Puesto que la antropología no es la sociología ni la filosofía, cabe suponer que las distinciones entre disciplinas no están muy claras en el gobierno brasileño, y que el anuncio alude en realidad al conjunto de las ciencias sociales y de las humanidades, cosas desprovistas de utilidad, como bien se sabe, improductivas e incapaces de contribuir al desarrollo bien entendido. A recortar pues, aunque los estudiantes de sociología y de filosofía no sean sino el 2 % del total en las universidades federales brasileñas.

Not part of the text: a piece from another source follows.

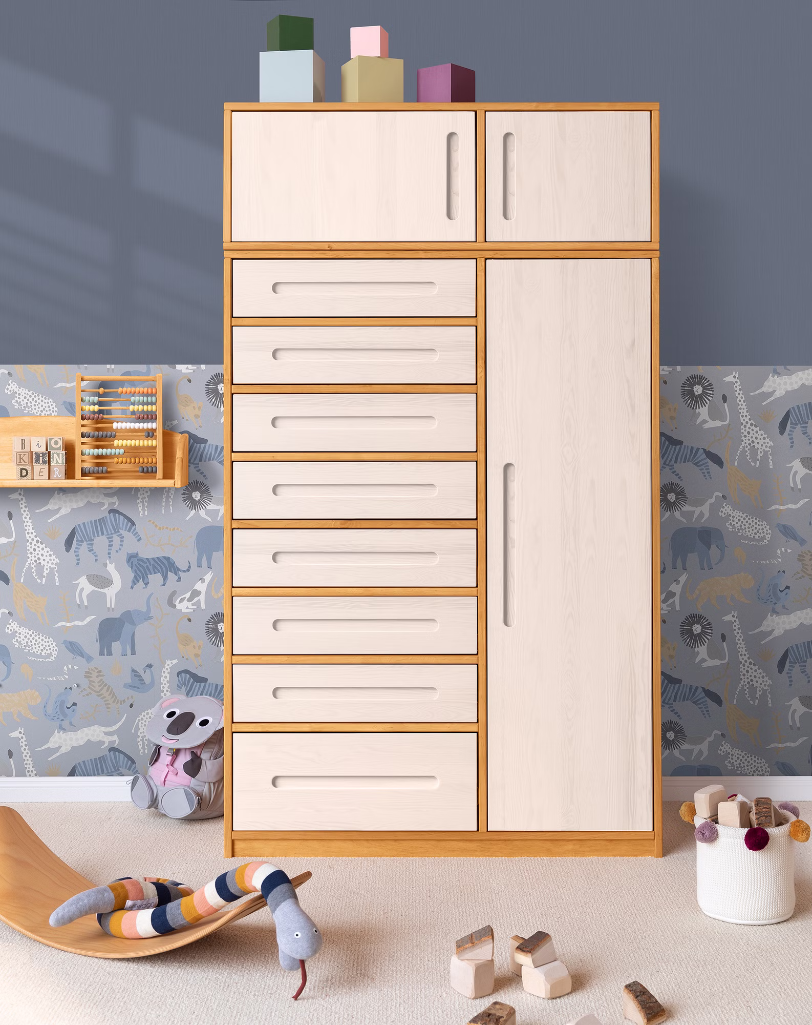 Unser Lina Kommodenschrank mit Aufsatz findet in jedem Kinder- und Schlafzimmer, aber auch im Flur als Garderobenschrank Platz. Die acht leichtlaufenden Schubladen des Kommodenschranks sind mit Selbsteinzug und Soft-Close-Mechanismus für sicheres und geräuscharmes Schließen ausgestattet. Zudem lassen sie sich voll ausziehen und bieten so einen einfachen Einblick bis in den hintersten Bereich der Schubkästen.

Se podrá pensar que una iniciativa semejante no debería sorprender, proviniendo de un ministro que escribe con faltas de ortografía y de un presidente con cerebro de pájaro, concluyendo que cosas así son esperables, después de todo, en un Brasil donde abrieron la jaula de los brontosaurios y las camarillas oscurantistas rebuznan sin complejos. Sería demasiado fácil, sin embargo, limitarse a observar con desprecio el páramo intelectual del Palacio de Planalto. En junio de 2015, el ministro de educación de Japón, el señor Hakubun Shimomura, dirigió una carta a las autoridades de las 86 universidades del país invitándolas a “abolir o convertir” los departamentos de ciencias sociales y de humanidades “para favorecer a las disciplinas que satisfacen mejor las necesidades de la sociedad”. La amable solicitud fue tan persuasiva que 26 universidades japonesas decidieron ponerla en práctica, y 17 de ellas suspendieron de inmediato las inscripciones en esas carreras.

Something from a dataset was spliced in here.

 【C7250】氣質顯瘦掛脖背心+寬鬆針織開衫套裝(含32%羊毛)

Con menos estruendo y más progresividad, la aplicación de políticas de esa naturaleza – o cuando menos la intención de implementarlas – existe mucho más allá de los casos brasileño y japonés. El principio que las inspira, independientemente de los eufemismos que se empleen para enunciarlo o de la crudeza con que se plantee, no es nuevo, aunque sí parece haber cobrado mayor vigor en los últimos años: hay conocimiento útil, digno por lo tanto de ser promovido y apoyado, y conocimiento inservible o cuya utilidad es residual, que puede desestimarse como bien público.

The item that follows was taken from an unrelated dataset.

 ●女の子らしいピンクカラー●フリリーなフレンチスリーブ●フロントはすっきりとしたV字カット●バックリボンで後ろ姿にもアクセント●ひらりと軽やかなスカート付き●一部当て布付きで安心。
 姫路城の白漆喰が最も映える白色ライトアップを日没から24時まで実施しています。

Oponerse a esta afirmación haciendo preguntas es tentador. ¿Cómo se traza, por ejemplo, la frontera que separa lo útil de lo inútil? En otras palabras, ¿qué criterio se usa para identificar lo útil? O, más sencillo: ¿qué se entiende por utilidad? El problema es que la respuesta nunca será fácil de rebatir, porque vendrá a caballo de un presunto sentido común que suele ser a prueba de balas, y que en sus versiones groseras podrá retrucar que no sabe con qué se comen la filología o la historia del arte.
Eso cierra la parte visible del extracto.